• [EXERCISE GOAL]
The entries below contain pictures, which are to be left out; write out exactly, and only, the lines from the line with "在经验分享环节,合肥工业大学" up to and including the line with "- Carpet, Ceiling".
───── SUPPLIED ENTRIES ─────
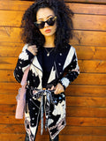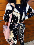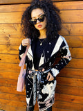 Cardigan in tessuto medio pesante con frange e cintura in vita. Alta qualità
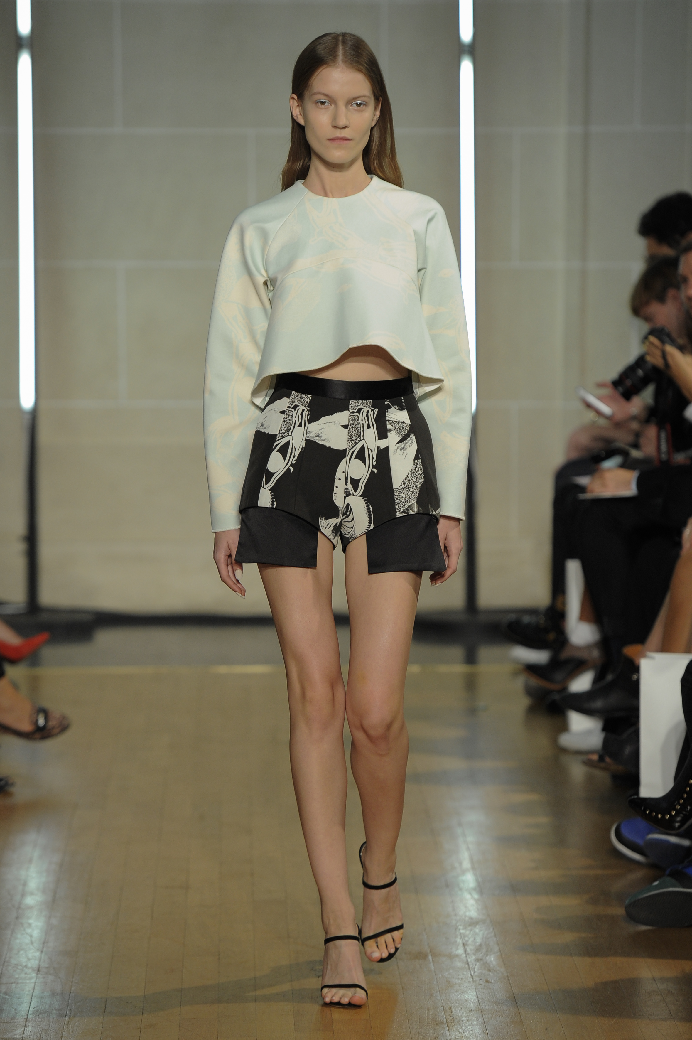 A Paris premiere for the designer, who presented her Spring/Summer 2014 collection at Fashion Week last week. A collection of dynamic, sophisticated creations, inspired by the world of interior architecture and 70s collages. Noble textures like light silk organza mingle with striped gauze, grained lamé, frothy satin and sequins on hand-sewn fishnet. Black and white predominate, joined by burgundy, garnet, pale flesh and metallic touches.
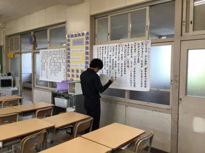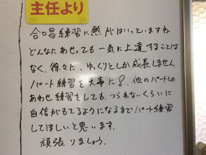 生徒がいない教室で楽譜を手にじっと考えている先生の背中、時折文字を書く手を止めてじっと黒板に向かっている先生の背中。そんな朝の光景をタブレットで撮りました。今日も良い1日でありますように。
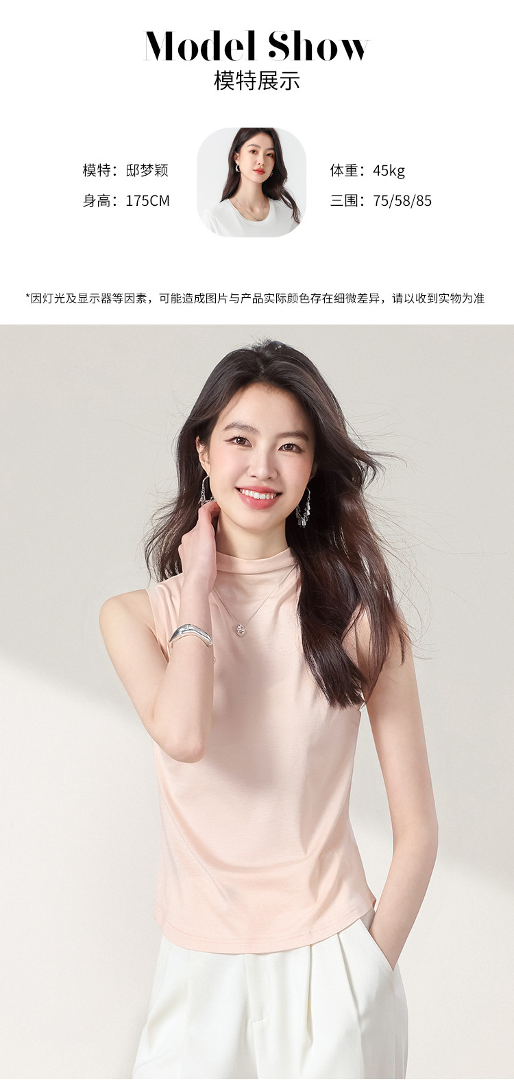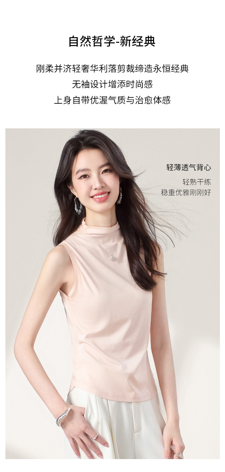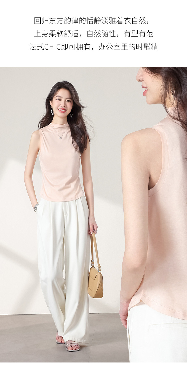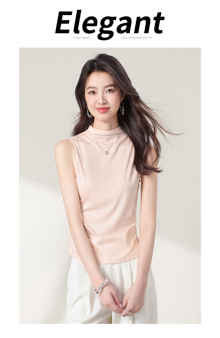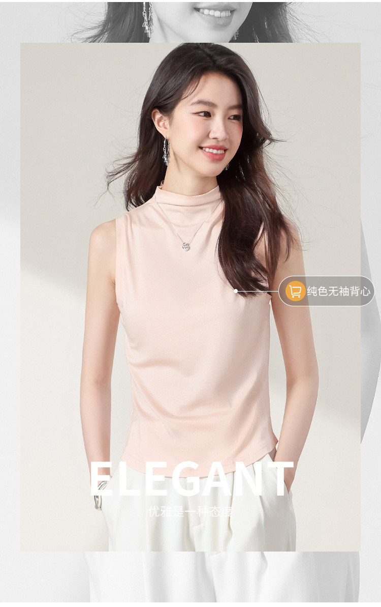 商品名称:【含桑蚕丝】透气百搭纯色无袖舒适休闲坎肩背心女气质女式T恤 374611
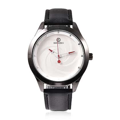 STRADA Japanese Movement Watch with Black Strap in Silver Tone
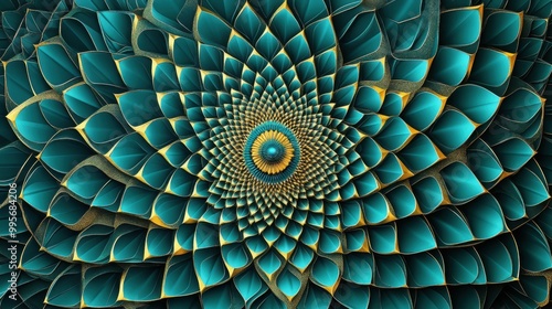 Abstract fractal pattern with teal and gold geometric spiral design in digital artwork
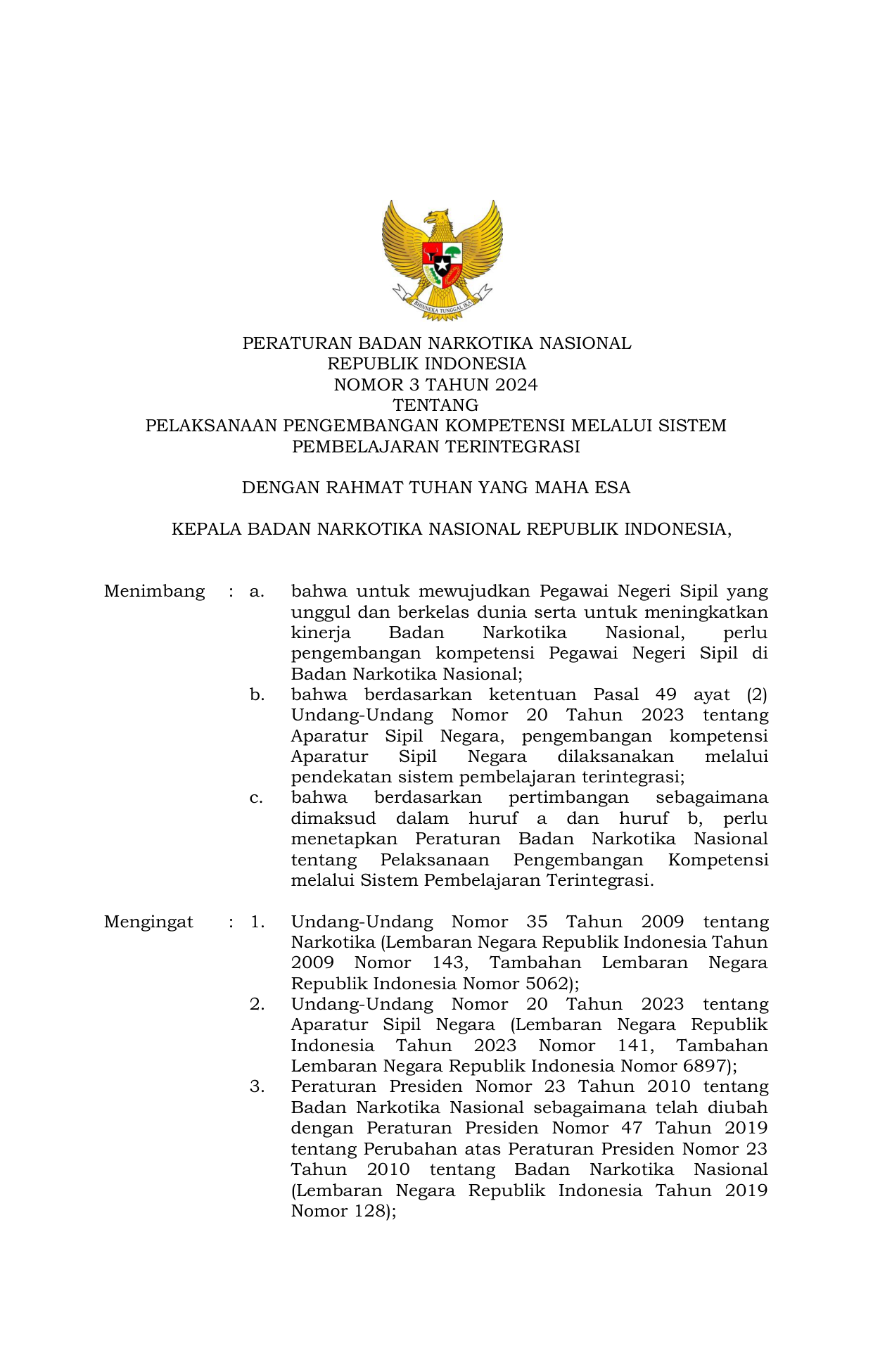 PERBAN Nomor 3 Tahun 2024 | Peraturan Badan Nomor 3 Tahun 2024 tentang PELAKSANAAN PENGEMBANGAN KOMPETENSI MELALUI SISTEM PEMBELAJARAN TERINTEGRASI
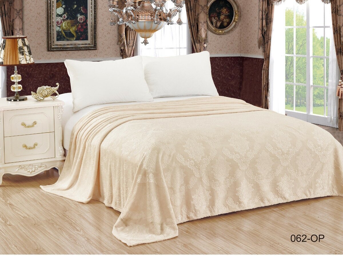 Плед двуспальный евро 200х220 песочный беж, покрывало на кровать и диван Cleo Parma, пушистый с рисунком, велсофт
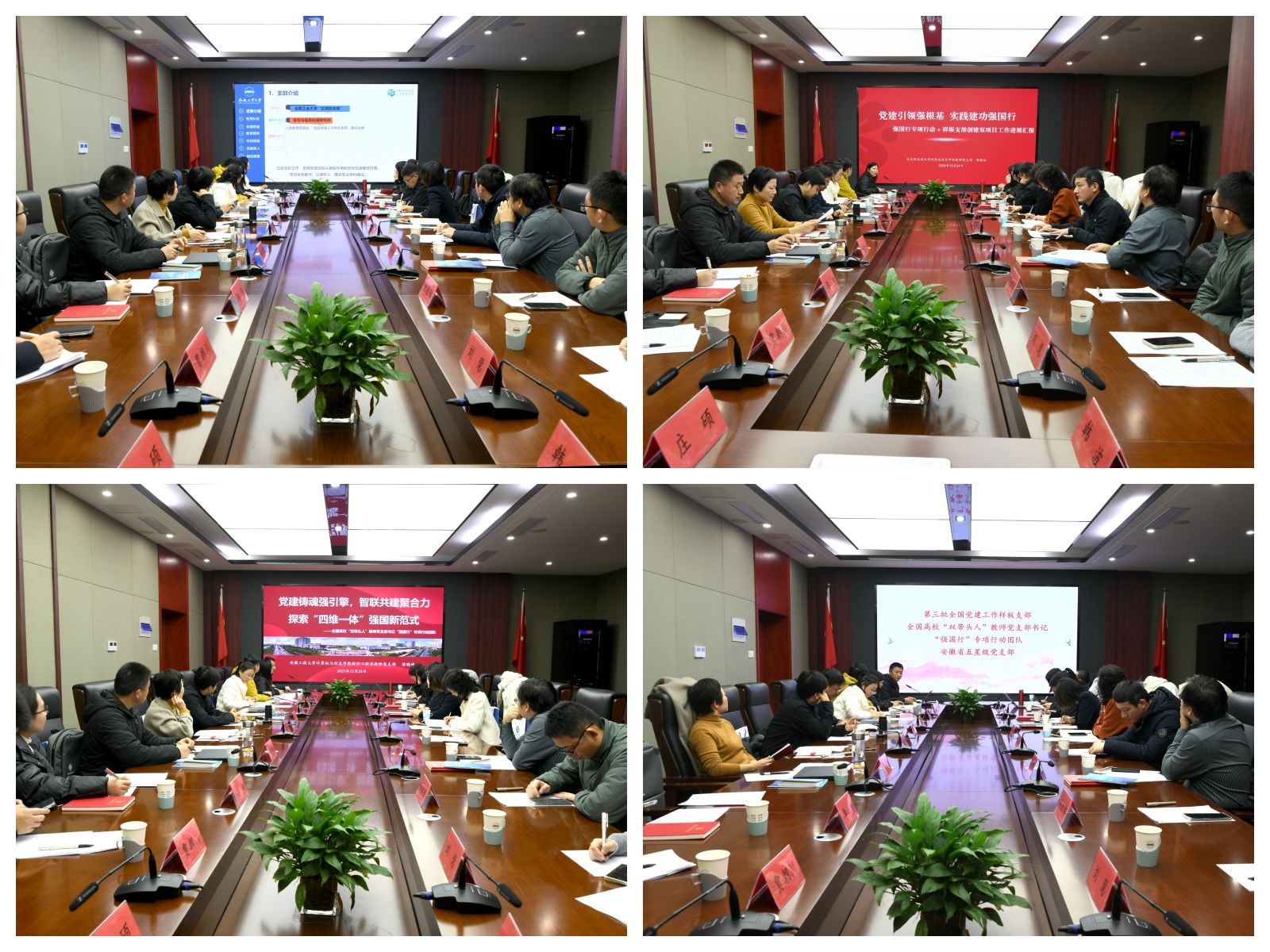 在经验分享环节,合肥工业大学计算机与信息学院信息与通信工程系第一党支部、安徽工程大学计算机与信息学院软件工程系教师党支部、滁州学院计算机与信息工程学院物联网工程系党支部、安庆职业技术学院信息技术学院教师党支部等四家成员单位的党支部书记,围绕“双带头人”作用发挥、支部建设特色、党建与业务融合等主题进行交流,系统展示了各支部在党建联建、教育服务、科技赋能与实践育人等方面的阶段性成果与特色做法。
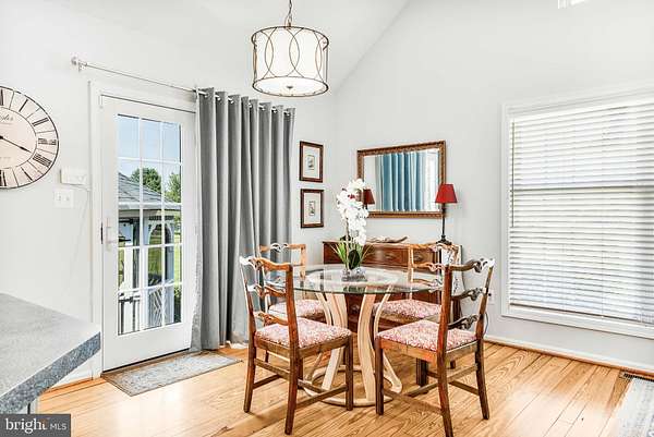 - Carpet, Ceiling Fan(s), Dining Area, Island Kitchen, Pantry, Window Treatments, Wood Floors
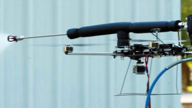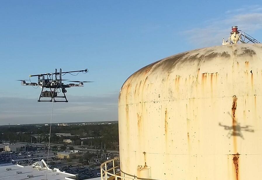Apellix利用一个四轴飞行器,通过软管和栓绳与地面基站和油漆材料相连接,无人机可以在建筑物的表明均匀喷漆,这有可能成为摩天大楼或船只刷漆的得力助手。
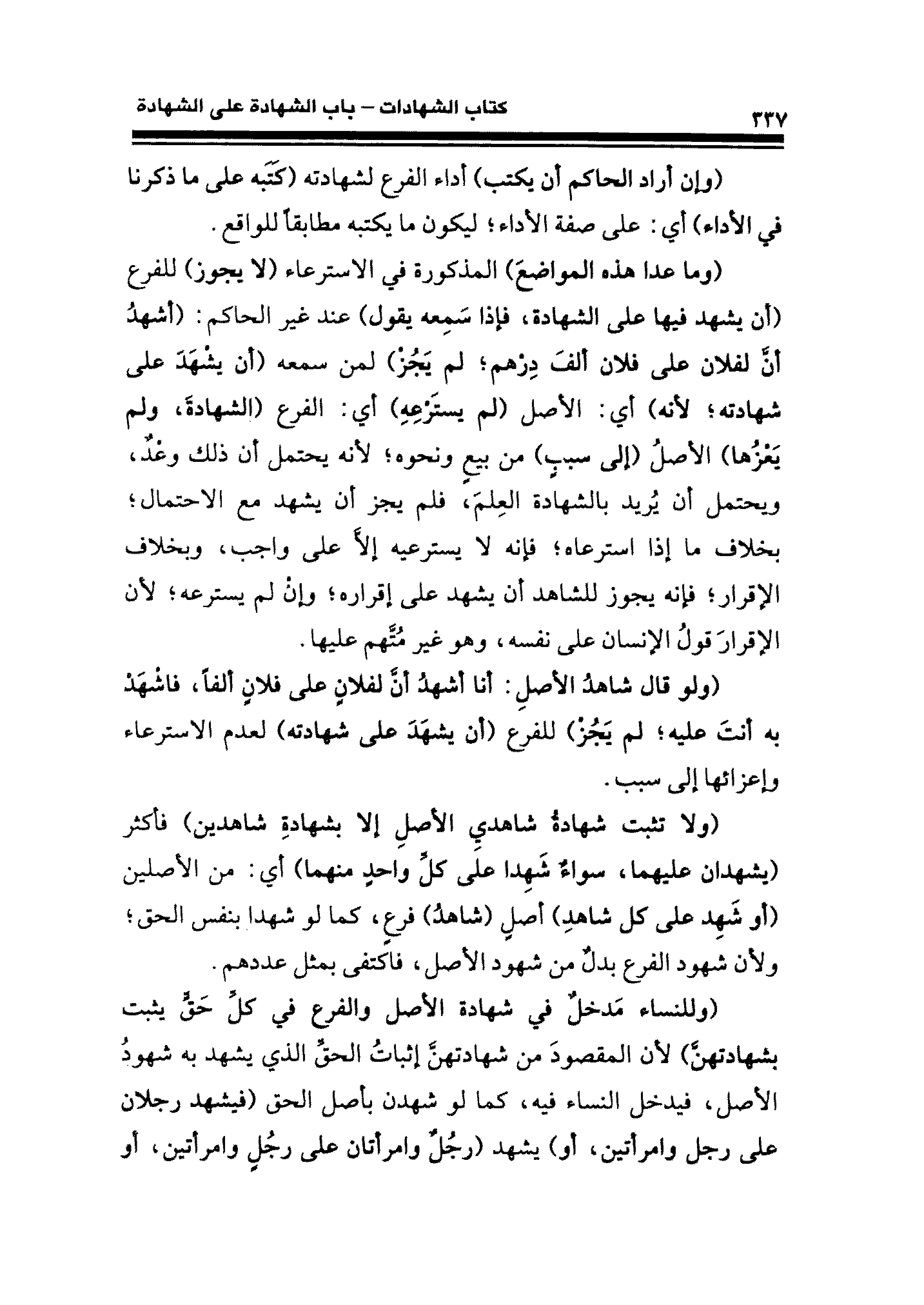 (وما عدا هذه المواضعَ) المذكورة فِي الاسترعاء (لا يجوز) للفرع (أن يشهد فيها على الشهادة، فإذا سَمِعه يقول) عند غير الحاكم: (أشهدُ أنَّ لفلان على فلان ألفَ دِرْهم؛ لم يَجُزْ) لمن سمعه (أن يشْهَدَ على شهادته؛ لأنه) أي: الأصل (لم يستَرْعِهِ) أي: الفرع (الشهادةَ، ولم يَعْزُها) الأصلُ (إِلَى سببٍ) من بيعٍ ونحوه؛ لأنه يحتمل أن ذلك وعْدٌ، ويحتمل أن يُريد بالشهادة العِلمَ، فلم يجز أن يشهد مع الاحتمال؛ بخلاف ما إذا استرعاه؛ فإنَّه لا يسترعيه إلَّا على واجب، وبخلاف الإقرار؛ فإنَّه يجوز للشاهد أن يشهد على إقراره؛ وإنْ لم يسترعه؛ لأن الإقرارَ قولُ الإنسان على نفسه، وهو غير مُتَّهم عليهُا.
─────
• [EXERCISE RESULT]
 在经验分享环节,合肥工业大学计算机与信息学院信息与通信工程系第一党支部、安徽工程大学计算机与信息学院软件工程系教师党支部、滁州学院计算机与信息工程学院物联网工程系党支部、安庆职业技术学院信息技术学院教师党支部等四家成员单位的党支部书记,围绕“双带头人”作用发挥、支部建设特色、党建与业务融合等主题进行交流,系统展示了各支部在党建联建、教育服务、科技赋能与实践育人等方面的阶段性成果与特色做法。
 - Carpet, Ceiling Fan(s), Dining Area, Island Kitchen, Pantry, Window Treatments, Wood Floors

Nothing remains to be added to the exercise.